Working with Big Data normally takes the general forms of:
- Analysis of historical data.
- Prediction of probabilities of future trends
- Evaluation of new ways to operate.
UPS has built a culture of engineering and quantitative analysis. Organizations focus on first gathering their data together and putting them in order, gaining insight from them and making predictions with them. UPS has become a highly creative and profitable technology company that happens to deliver packages.
Analytics come in three categories:
- Descriptive – where we are
- Predictive – where we will be
- Prescriptive – what we should do
Jack Levis wants UPS to go beyond prescriptive analytics by creating clairvoyance. The ultimate goal is to know what problems will occur and to stop them before they happen.
The success of most businesses can be reduced to mathematical probability. Some companies have tougher equations to solve than others. UPS is dealing with approximately 120 daily deliveries made by each of their 55,000 trucks.
Until recently, UPS used a software tool that gave drivers a general route to follow but allowed wide latitude for human judgment along the way. Over the next five years UPS will roll out a more exacting algorithm designed to steer drivers away from well-worn paths toward often counter-intuitive routes calculated to make deliveries faster.
UPS uses On-Road Integrated Optimization and Navigation, aka ORION, to help establish a data-drenched route optimization. The size of the numbers involved means simple arithmetic is out. ORION depends on heuristics, the field of math and computer science devoted to finding answers that are good enough, and that get better based on past experience.
A few of the considerations ORION calculates include finding the shortest distance, promised delivery times, different types of customers and the types of packages being delivered and picked up, in addition to no left turns. Levis is quick to emphasize that UPS doesn’t discount the value of driver wisdom accumulated during years on a route. The best system, he says, is one that relies on both human and algorithmic intelligence.
ORION has proven that if each UPS truck is driven 1 less mile each day, UPS will save over $30 million a year. Currently UPS makes over 16 million deliveries daily. Over 200 million addresses are mapped by UPS drivers. 100 million minutes of UPS trucks idling time has been eliminated by using onboard sensors that calculate when a truck should be turned off or allowed to idle. Currently there are over 200 points monitored on each delivery truck to anticipate maintenance issues and determine the most efficient ways to operate the vehicles.
Levi shared a couple examples. The data collector team figured out opening the truck door with a key was slowing their drivers down. So drivers were given a push-button key fob that attaches to their belt loop. A computer now figures out the best way to load each truck in the morning, and the best way to deliver packages all day. By using Big Data, the average UPS driver has gone from 90 deliveries a day to 120. The drivers have directly benefited from the changes by being the highest paid in the industry.
“The data has become as important as the package is to us,” Jack Levis explains. “It’s my job to think about small amounts of time and large amounts of money. Saving just one minute, per driver, per day, over the course of a year adds up to $14,000,000 in savings to UPS.”

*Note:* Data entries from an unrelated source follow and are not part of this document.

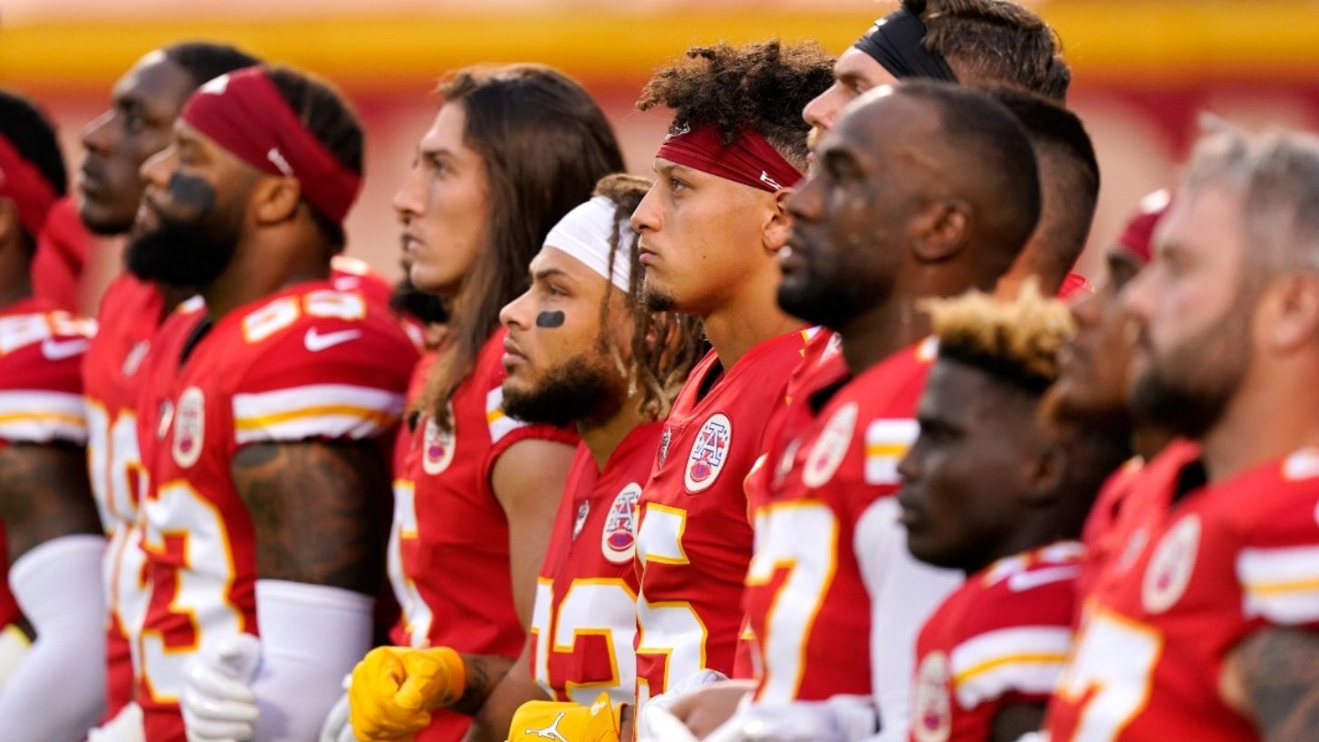 Luego de saltar a la cancha del Arrowhead Stadium, jugadores de Chiefs y Texans se entrelazaron para formar una cadena humana, después de la ceremonia del himno nacional.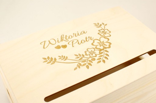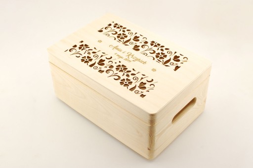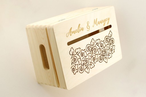 Pudełko na koperty – życzenia ślubne, drewniane, otwierane. Posiada dwa boczne uchwyty oraz otwierane wieczko z otworem do wrzucania kopert, ozdobione wygrawerowanymi imionami Młodych, datą ślubu lub dowolnym tekstem oraz dekoracyjnym motywem. Takie pudełko to praktyczny i ładny dodatek do oprawy Waszego ślubu, które później może posłużyć jako pudło pamiątek weselnych lub na inne drobiazgi.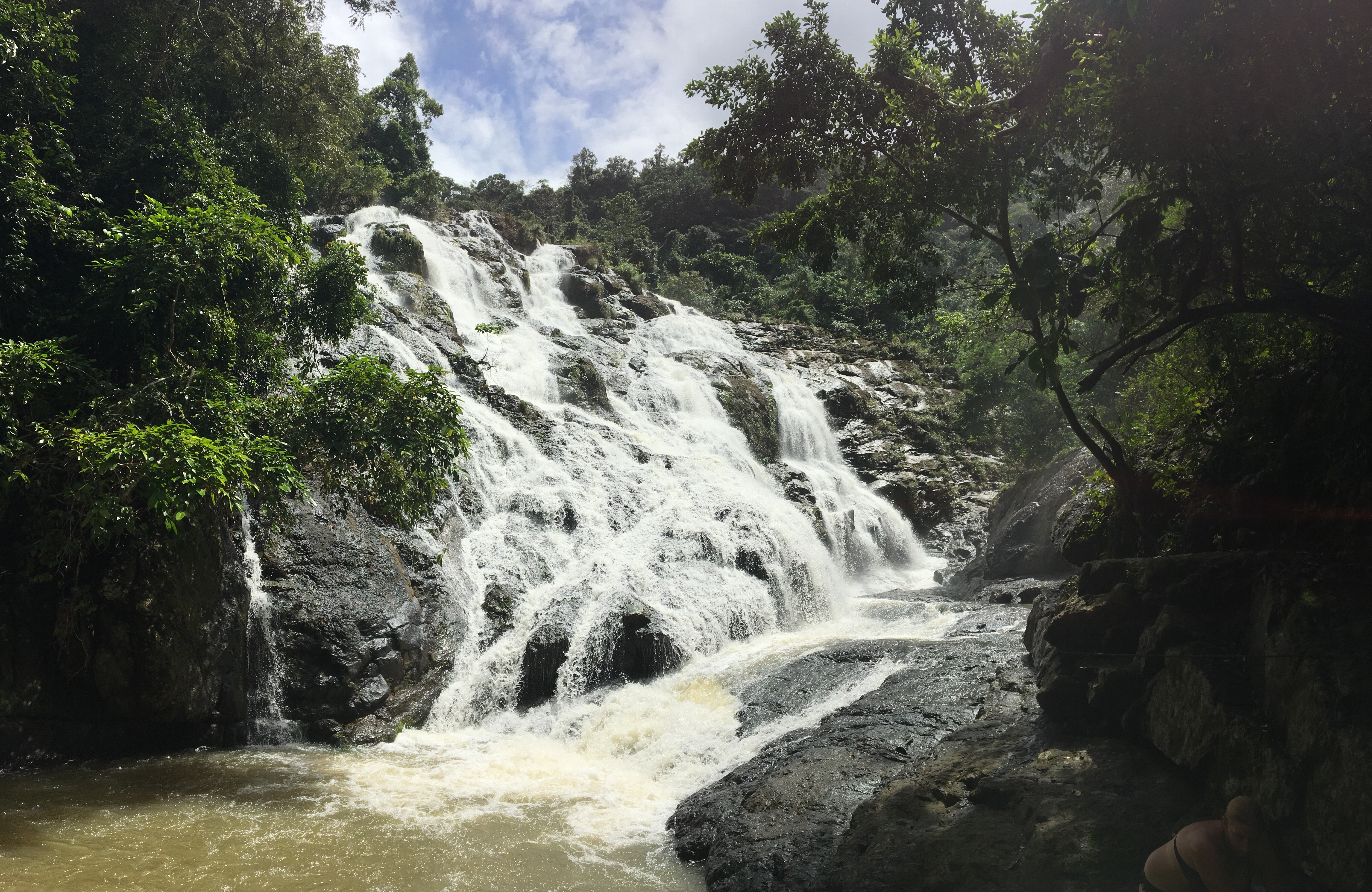 Po půlhodinovém kluzkém výšlapu můžeme obdivovat mohutnost a krásu Tarangban Falls. Je to naprostá nádhera. 👍 Koupeme se v laguně pod vodopádem a asi dvě hodinky se kocháme, fotíme a užíváme si. Občas sprchne, ale nějak jsme si už zvykli. Cestou zpět se zastavujeme ještě na původně opominutých Bangon Falls. Z dálky vypadaly malé nevýrazné, ale je to taky paráda. Jen počasí už se změnilo v konstantní déšť.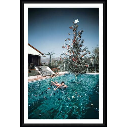 Photographed in Hollywood in 1954, this iconic image by Slim Aarons features his wife, Rita, swimming in a pool decorated for Christmas. The photo, printed on archival paper, is delivered matted, framed, and ready for display.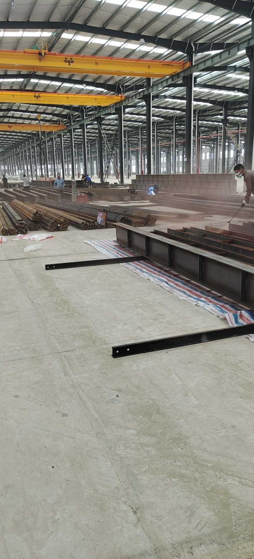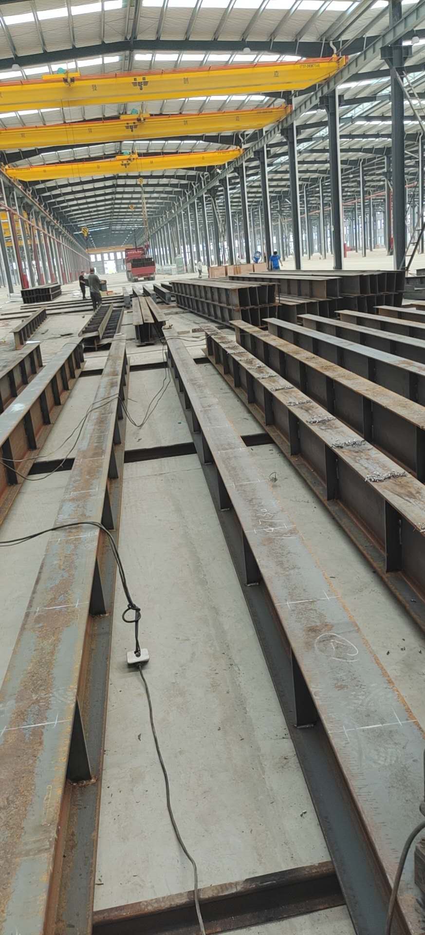 在2020年“疫情”的影響下,跟我們合作多年的老客戶,在經(jīng)濟(jì)不穩(wěn)定的情況下,奮發(fā)前進(jìn)向我們購(gòu)買了27臺(tái)雙梁橋式起重機(jī),并將起重機(jī)基礎(chǔ)材料(承軌梁、軌道、導(dǎo)電滑觸線)工程一并交付我們安裝,平均每跨車間長(zhǎng)度500米,在烈日炎炎的夏天,我們的安裝工人在努力趕工務(wù)必在第一時(shí)間交付給客戶。
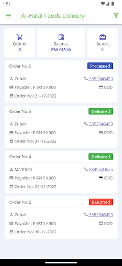 The app is used by the delivery boys of Al-Halal Foods Industry, by using this app the delivery boys can keep track of orders and money collected.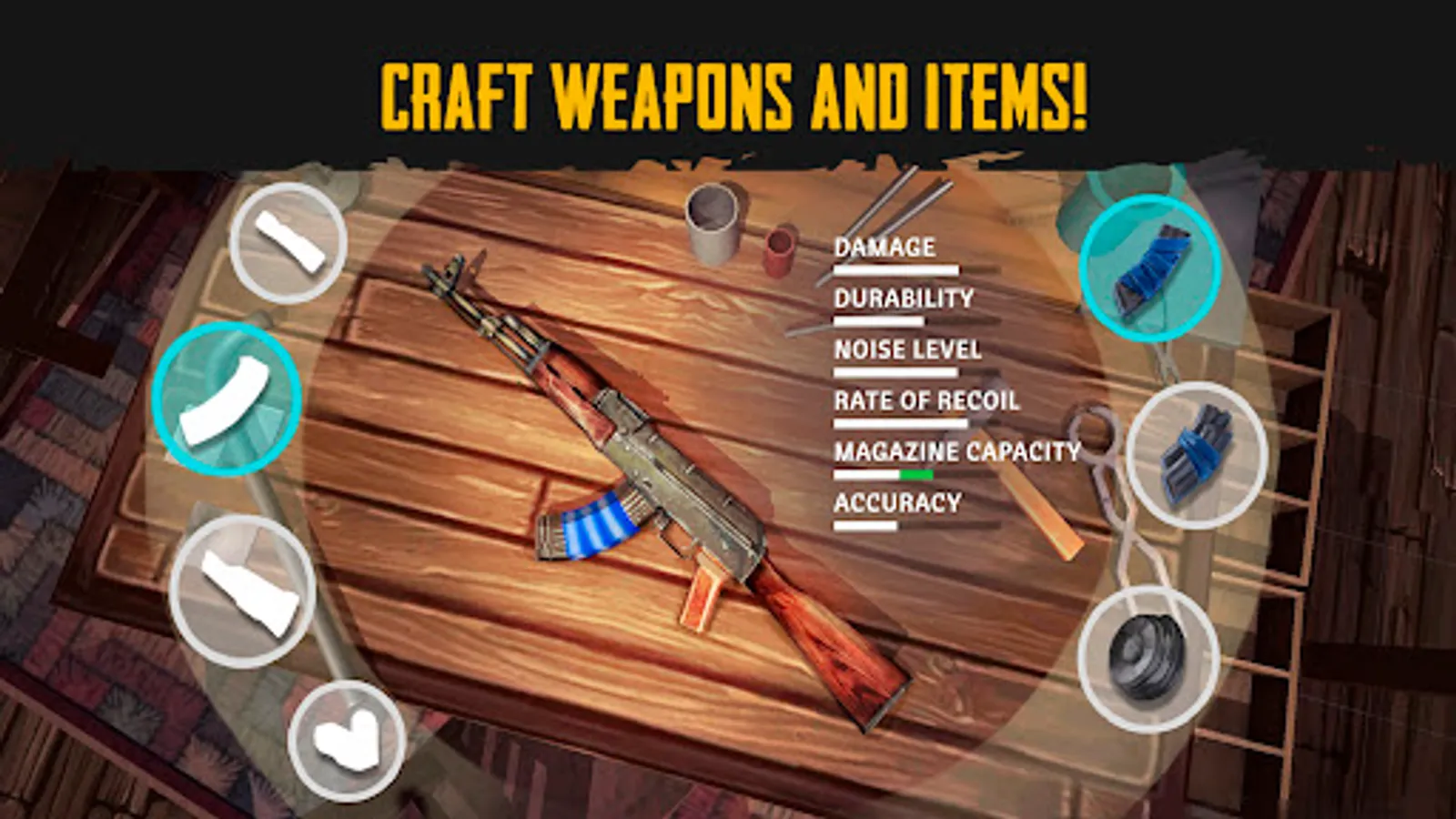 Our survive game is unpredictable: the victim can always become a hunter. Create power weapons like AK-47, M4, SVD, Revolver, UZI, Glock, etc., and always be ready to survive!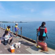 ・干里浜なぎさドライブ … オープンまで波止場で釣りをして待っていた。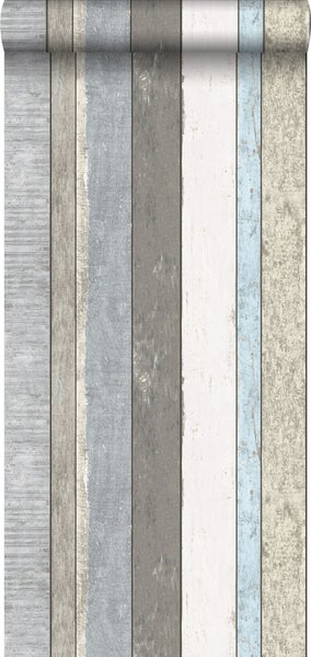 Walls4You Tapete Holz-optik Grau, Blau und Beige 53 cm x 10.05 m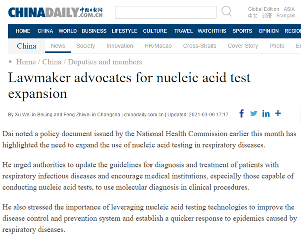 在3月6日和3月10日湖南代表团分组讨论会上,戴立忠代表分别作主题发言,围绕基因技术创新发展、充分发挥核酸检测能力效用、完善预防为主的疾病防控体制机制、医疗产品“走出去”等方面积极建言献策。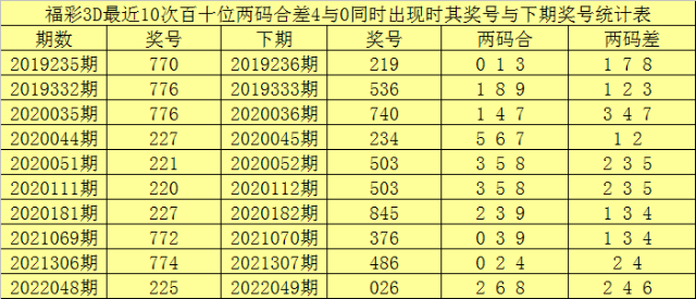 百十位合差分析:上期奖号百十位开出77组合,两码合为4,两码差为0,最近10次百十位两码合4与两码差0同时出现时,其奖号和下期奖号分别为:
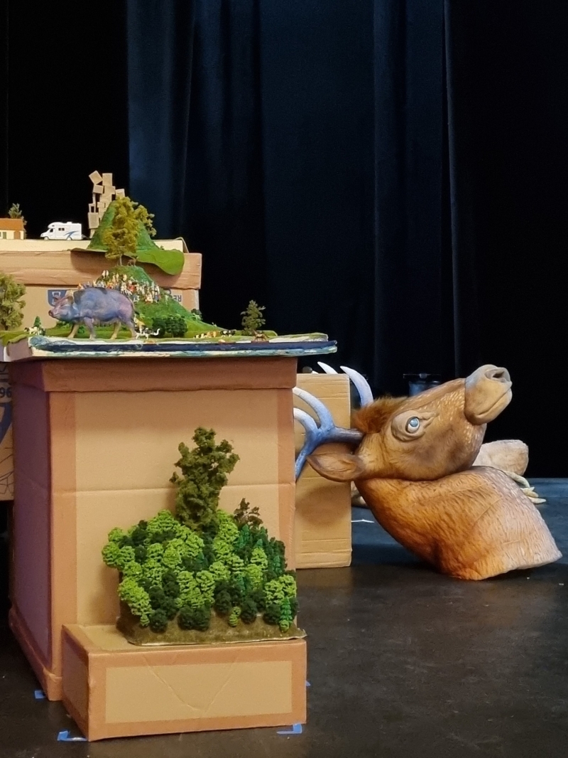 En février, la compagnie Elvis Alatac s'est installée à La Coupe d'Or pendant une semaine pour peaufiner sa prochaine création, Semeurs de panique. Au plateau, entourés de jolis décors évoquant la forêt, les comédiens ont donné vie aux marionnettes, sous l'œil attentif du metteur en scène, Pier Porcheron. Tout un monde imaginaire peuplé de grenouilles, cerfs et cochons a investi notre scène pendant ces quelques jours.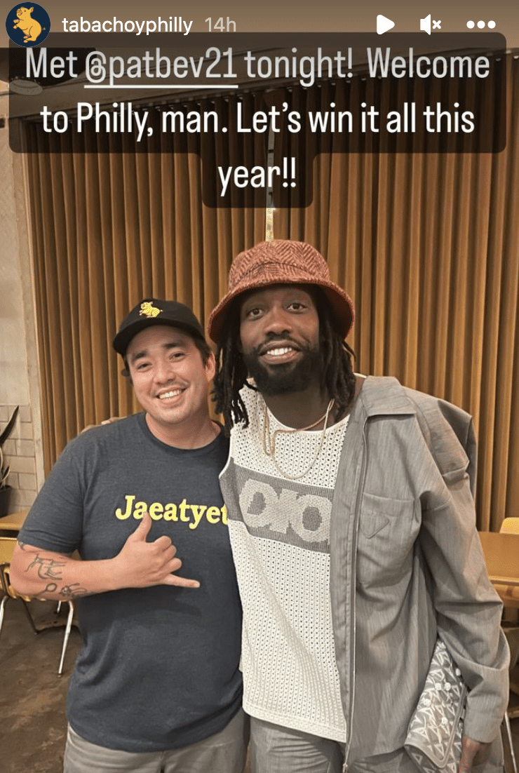 Pat Bev is becoming one with the city. You gotta love it. Just wait until he’s breaking ankles at Seger Park. Maybe he’ll take in a DMB show on the Susquehanna Bank Center lawn. What cheesesteak is he going to get first? That’ll be the real test to see if he’s cut out for this city or not. So far so good, but it could all go up in smoke if he’s spotted at Pat’s or Geno’s.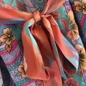 Gorgeous green multi colored floral cosmic bohemian galaxy printed short kimono robe with vented sleeves.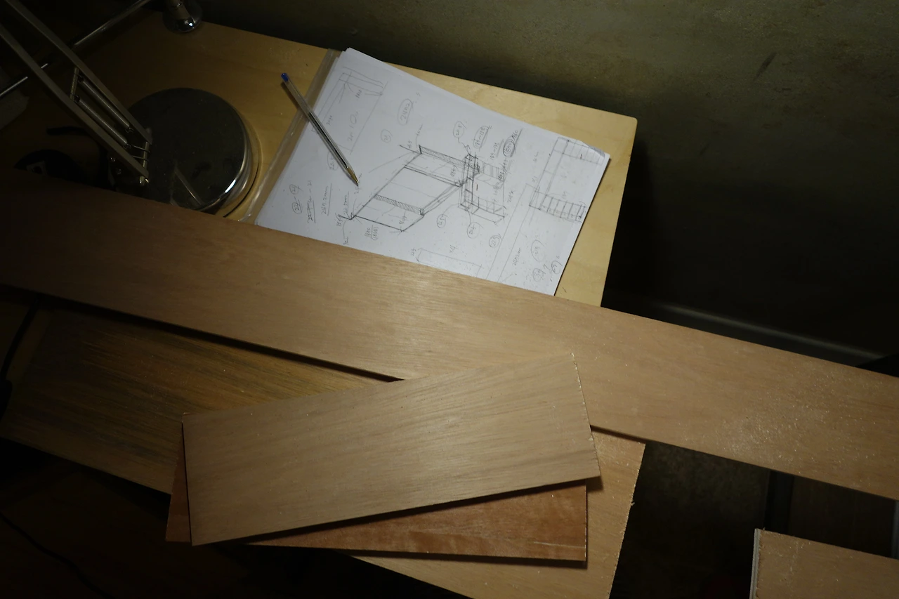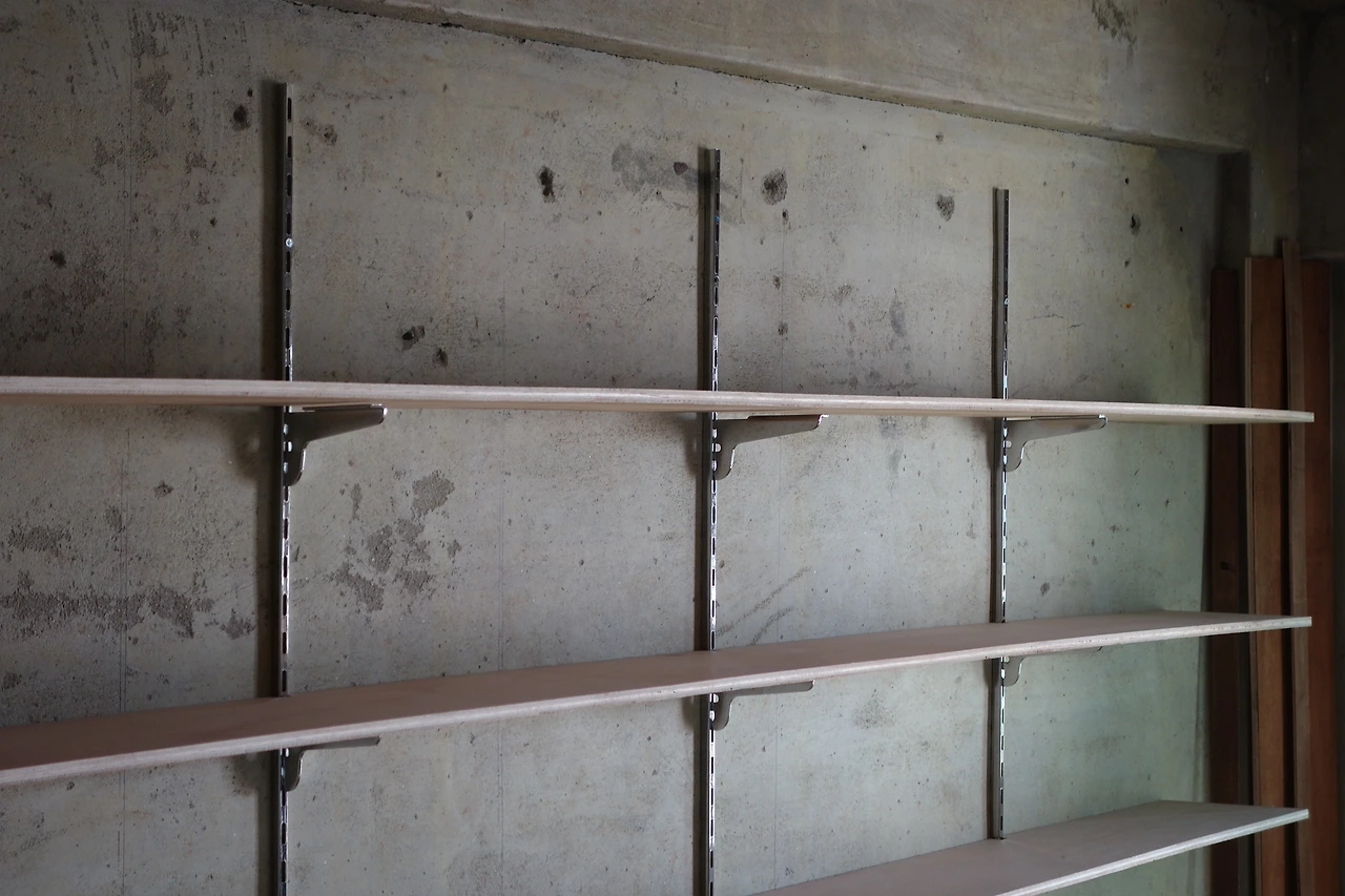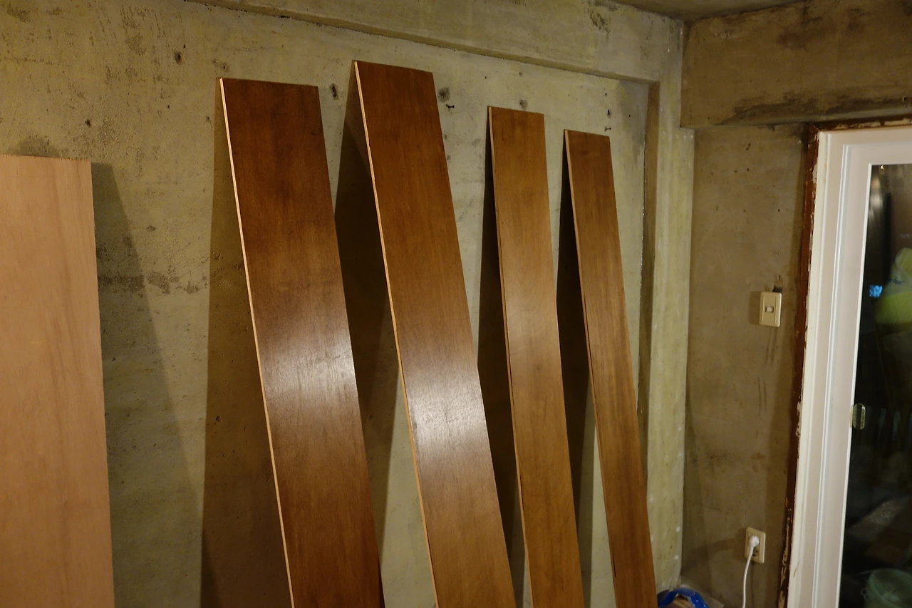 원목 책장을 만들고 싶었지만 공간이 너무 좁아게 느껴질 것 같아 상대적으로 가벼운 느낌의 찬넬을 달았다. 좁은 방이 더 좁아보일까봐 걱정이 되서 선반 깊이는 22cm정도로 최대한 줄였다. 나무는 합판을 재단해 받았고 어두운 컬러의 스테인으로 마감했다.

Any business that deals with employees that work outside of the office understands the potential cost and savings that can be attained with properly managed travel expenses. One minute saved by tech per day may not amount to a $14,000,000 savings to your office technology company. However, monitoring, analyzing and pro-actively responding to travel and labor data is a vital part of the overall management of your field employees.